Napoleon shook his head. "Though what this bunch is saying chills me to the bone; they’re protectect by their first amendment right to freedom of speech pal. Still I don’t think anything like Kristallnacht would happen, but then again I could be wrong."
“One could only hope you are not incorrect in your assumptions,”Illya hesitated,” Demonstrations such as this would not be allowed in my country and maybe that is not a bad idea at times like this.”
“We need to get you out of here before someone overhears you and you get slugged Illy...buddy, or before I end up hitting someone myself.”
Solo quickly guided his partner through the cheering crowd just as someone from the John Birch Society stepped up to the podium; the tone of the rally was beginning to change, seguing from anti-Communism to lecturing on its opposition to the soon to be passed Civil Rights Act.
Napoleon had a feeling the American people were going to be in for a long haul…

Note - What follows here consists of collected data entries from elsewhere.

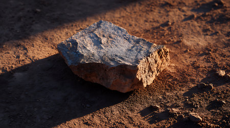 Rock on sandy surface with warm sunlight casting shadows in low angle close up view creating peaceful natural scene
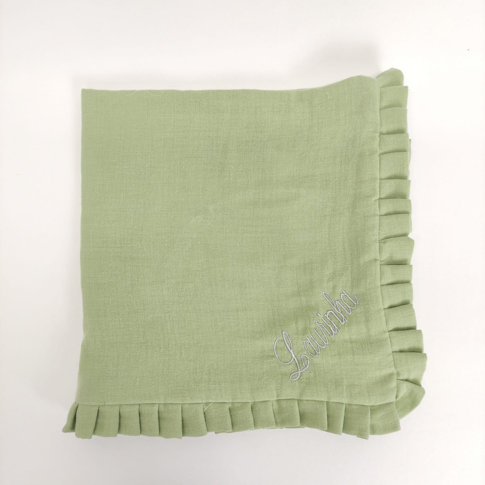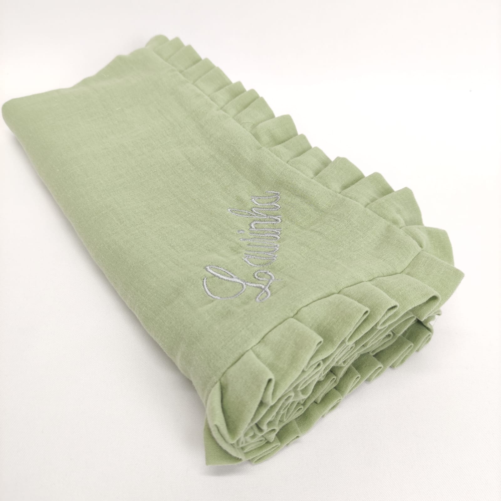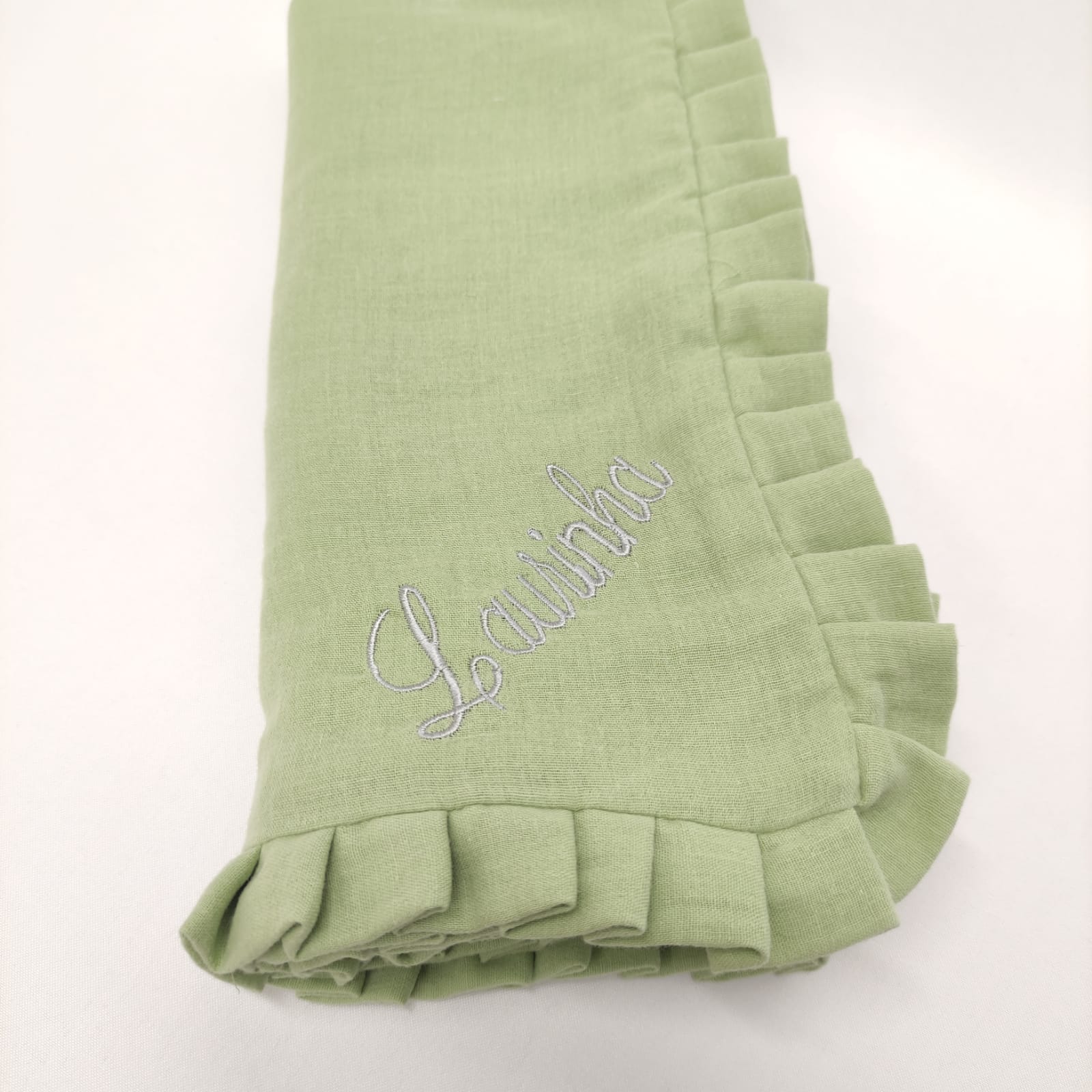 Fralda Dupla musselina Verde, com aplicação de folho da mesma cor. Possibilidade de Bordar.
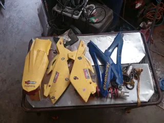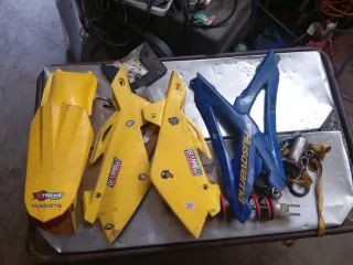 Kit de plásticos para Husqvarna 125 2T del año 2007. Incluye varias piezas amarillas y azules. - Plásticos amarillos con logos de TREMP MOTOR Husqvarna - Plásticos azules con logos de Husqvarna. Buen estado un poco sucios.
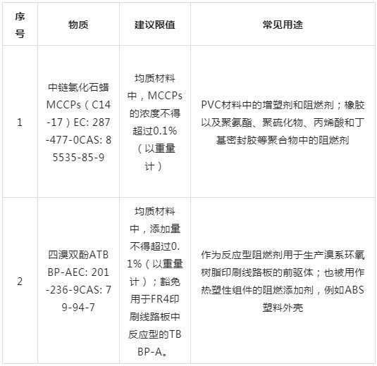 早在2021年3月,Oeko-Institut e.V.就已发布了Pack 15最终评估报告,报告中对包含四溴双酚A(TBBP-A)和中链氯化石蜡(MCCPs)在内的7项物质进行了评估,最终推荐将四溴双酚A(TBBP-A)和中链氯化石蜡(MCCPs)纳入RoHS的附录II限制物质清单中,原因是这两种物质对工人、消费者以及环境存在重大暴露危害的风险。物质常见用途及当时评估报告中建议的限值如下表:
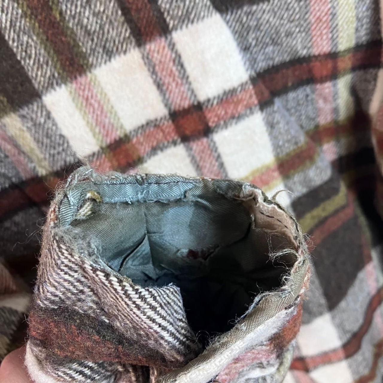 左肩若干の穴あきあり 袖口破れあり
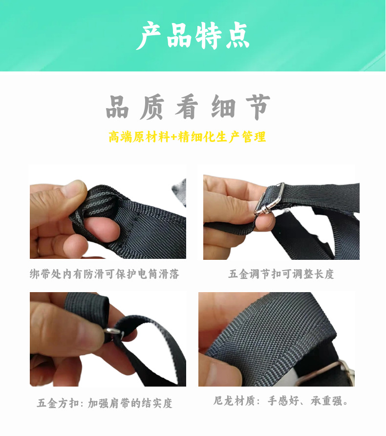 カスタマイズ可能な黒色ナイロン製懐中電灯用電源ストラップ、紛失防止、アウトドアスポーツ用LED懐中電灯ショルダーストラップ、アウトドア用品
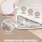 Das Inlett dieser Decke besteht außerdem aus reiner Bio Baumwolle aus streng kontrolliertem Anbau aus Deutschland. Außerdem gelten Lyocell Materialien als äußerst reißfest, strapazierfähig und langlebig. Bei richtiger Pflege haben Sie lange Freude an der Decke. Sie sollte bei maximal 60 Grad im Schonwaschgang gereinigt und anschließend an der Luft auf der Leine getrocknet werden, um dauerhaft ihre Wirkung zu entfalten und für ein trockenes Schlafklima zu sorgen. Wichtig: bitte wählen Sie die niedrigste Umdrehungszahl beim Waschprogramm und verzichten Sie auf den Schleudergang.
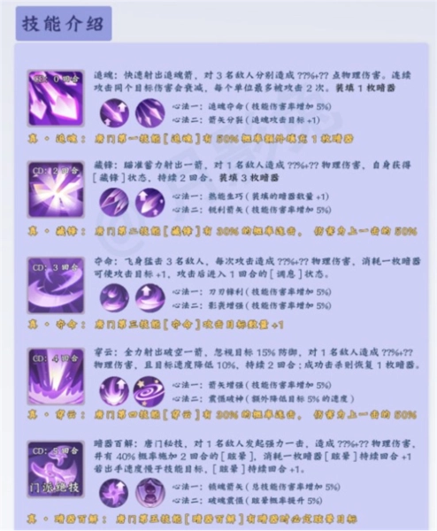 4、穿云:暗器忽视的防御会使伤害量增加很多,单体攻击,但是伤害量很高,所有技能在施放前最好有暗器。
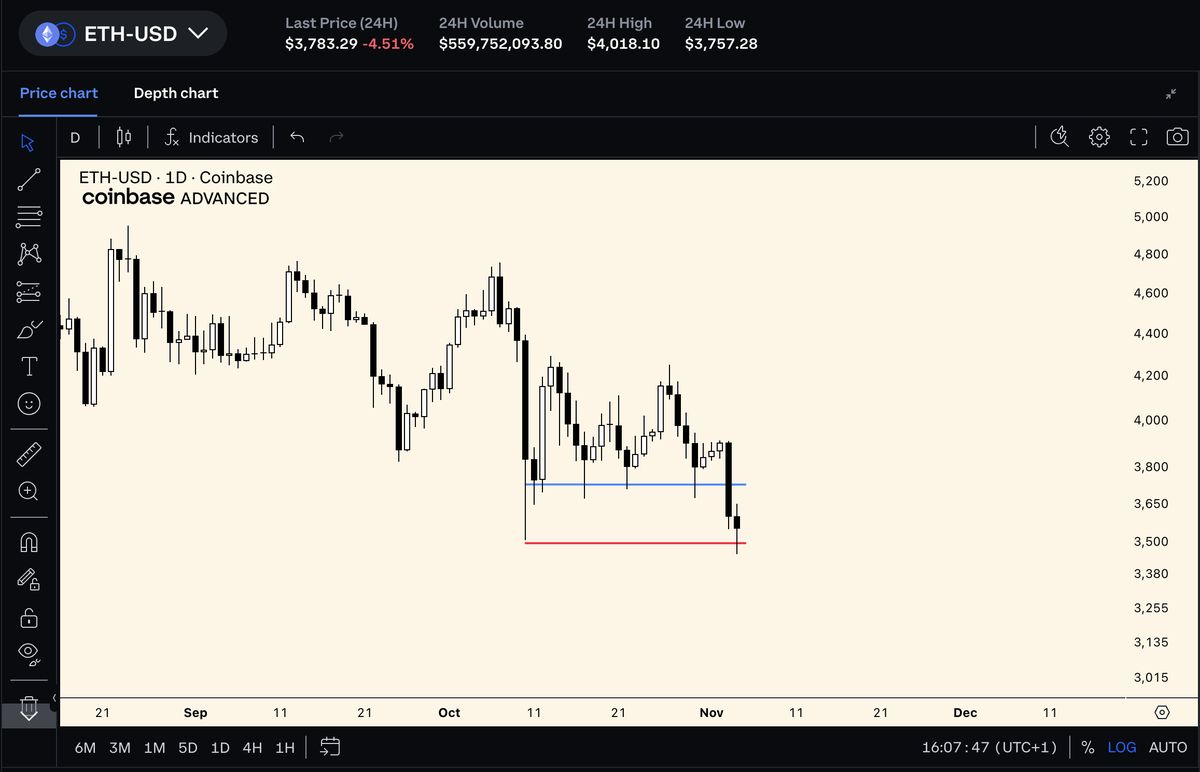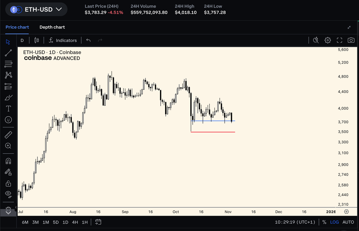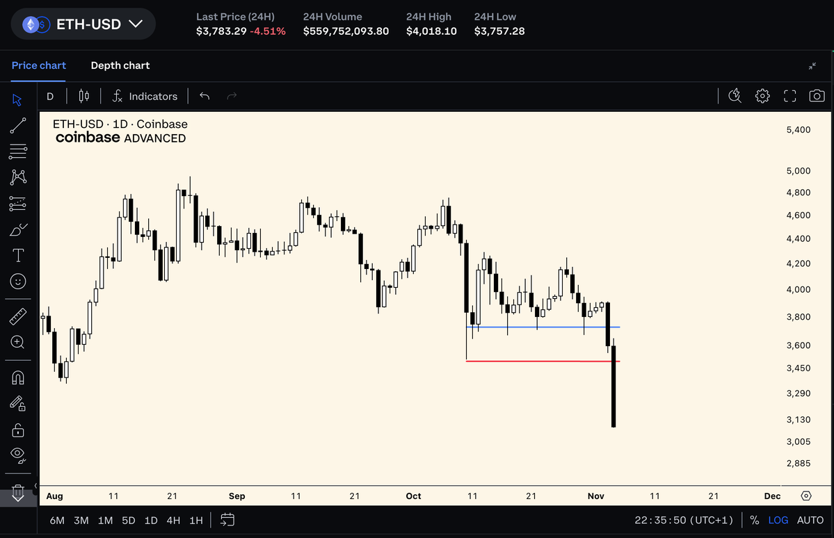 上次ETH出现类似规模的下跌后,它在区间内震荡了12周,然后才反弹至新高。我们现在正处于这个新区间的第6周。只要ETH不跌破$2600,从技术上讲,这是一个*尝试性*的底部形成过程。

*ref.”Hearth and Home” (link)
no subject
Date: 2015-03-16 03:07 pm (UTC)I have never understood how nations who fought for freedom could behave in exactly the same manner as those they fought. Of course, those fears and hatreds came from the top. The same thing is happening again with the demonisation of all Muslim people because of the actions of the radical few. It must have been so difficult for people like Illya in the America of the 60s.
no subject
Date: 2015-03-16 03:22 pm (UTC)People of Russian backgrounds who emigrated here had communities they could retreat to and live in relative comfort. That's always been so here, as in other places. People stick to their own, in their own neighborhoods, but as time passes, new groups of people move in.
Illya being a very clever spy and linguist wouldn't have really had any trouble I think as he would just blend in or stick to the shadows. He could also at the snap of a finger change his accent along with his ethnicity....not that it probably didn't bother him, but still it was a survival technique.
Actually those 'fears and hatreds' don't always come from the top. It comes from those who infiltrate from within, the way the poor fools are being radicalized today, and who have delusions of being at the top and remaking the world to reflect their demented views. There are elements in almost all societies who hate and spew evil, some of it comes from the top, but not all.